> [ACTIVITY]: The answer must be an exact copy of the lines from the top of the listing below through the line with "Таунхаус площадью 310", with no pictures.

> [INPUT DATA]:
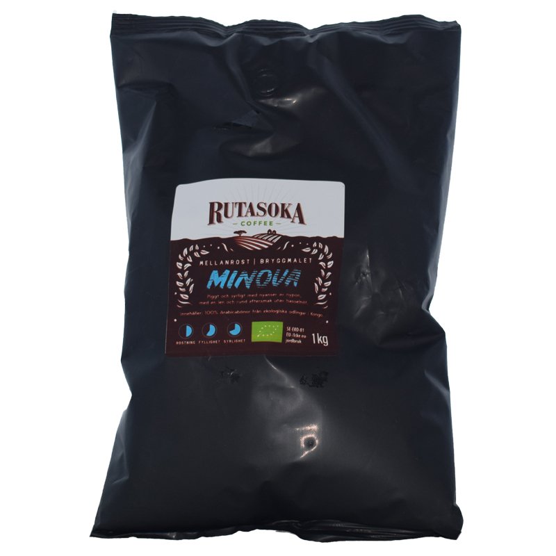 Minova bryggkaffe från Rutasoka med 100% Arabicabönor. Piggt och syrligt kaffe med nyanser av nypon med en len och rund eftersmak av hasselnötter.
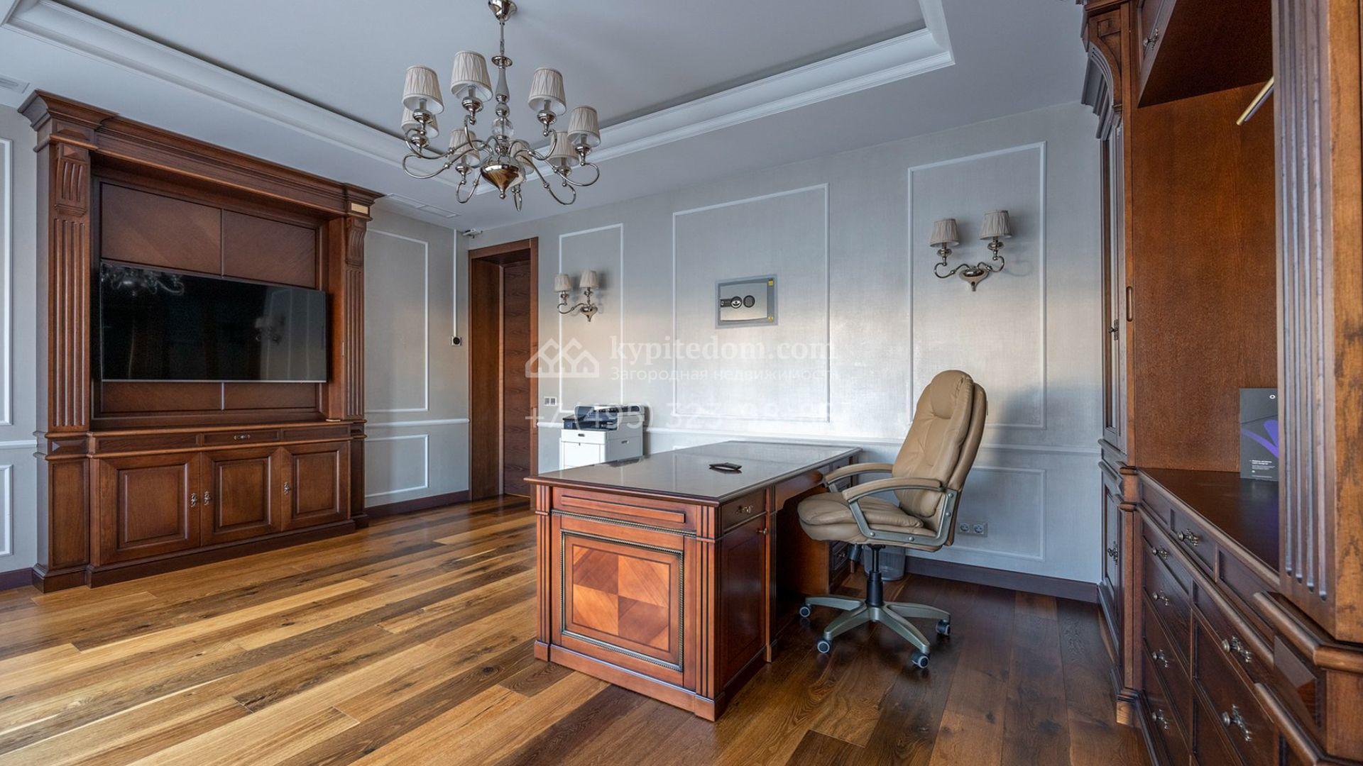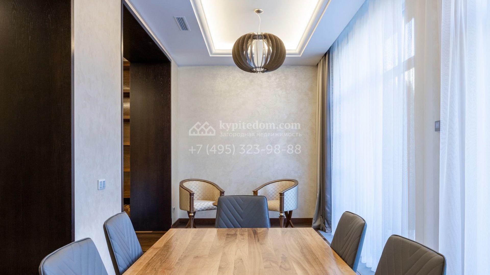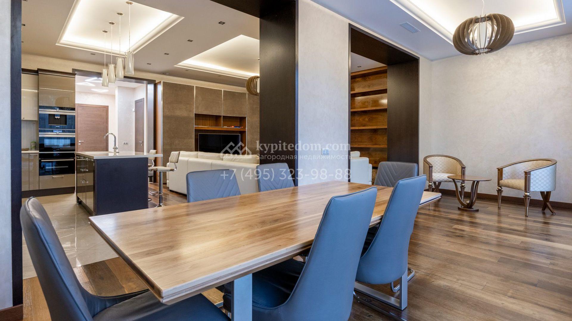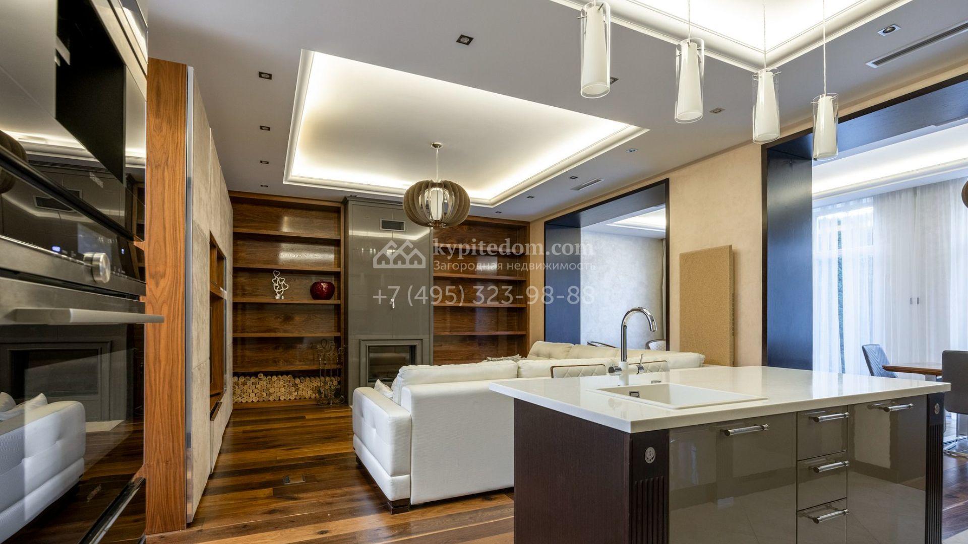 Таунхаус площадью 310 м² расположен на полевом участке 2,7 сотки. Фасад в райтовском стиле облицован травертином, лиственницей и мрамором. В отделке современного интерьера использованы дорогостоящие материалы, установлена мебель и система «умный дом». Планировка дома включает 5 спален, просторную кухню-гостиную с камином, столовую с выходом на участок и кабинет. В контуре резиденции расположен гараж. На участке выполнен ландшафтный дизайн, по периметру высажены туи и вымощены дорожки.
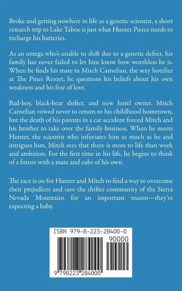 Broke and getting nowhere in life as a genetic scientist, a short research trip to Lake Tahoe is just what Hunter Pierce needs to recharge his batteries. As an omega who's unable to shift due to a genetic defect, his family has never failed to let him know how worthless he is. When he finds his mate in Mitch Carnelian, the sexy hotelier at The Pines Resort, he questions his beliefs about his own weakness and his fear of love. Bad-boy, black-bear shifter, and now hotel owner. Mitch Carnelian vowed never to return to his childhood hometown, but the death of his parents in a car accident forced Mitch and his brother to take over the family business. When he meets Hunter, the scientist who infuriates him as much as he and intrigues him, Mitch sees that there is more to life than work and ambition. For the first time in his life, he begins to think of a future with a mate and cubs of his own. The race is on for Hunter and Mitch to find a way to overcome their prejudices and save the shifter community of the Sierra Nevada Mountains for an important reason—they're expecting a baby. This is a standalone story with a happy ending and no cliffhangers. This story includes explicit love scenes and violence.

> [SOLUTION]:
 Minova bryggkaffe från Rutasoka med 100% Arabicabönor. Piggt och syrligt kaffe med nyanser av nypon med en len och rund eftersmak av hasselnötter.
 Таунхаус площадью 310 м² расположен на полевом участке 2,7 сотки. Фасад в райтовском стиле облицован травертином, лиственницей и мрамором. В отделке современного интерьера использованы дорогостоящие материалы, установлена мебель и система «умный дом». Планировка дома включает 5 спален, просторную кухню-гостиную с камином, столовую с выходом на участок и кабинет. В контуре резиденции расположен гараж. На участке выполнен ландшафтный дизайн, по периметру высажены туи и вымощены дорожки.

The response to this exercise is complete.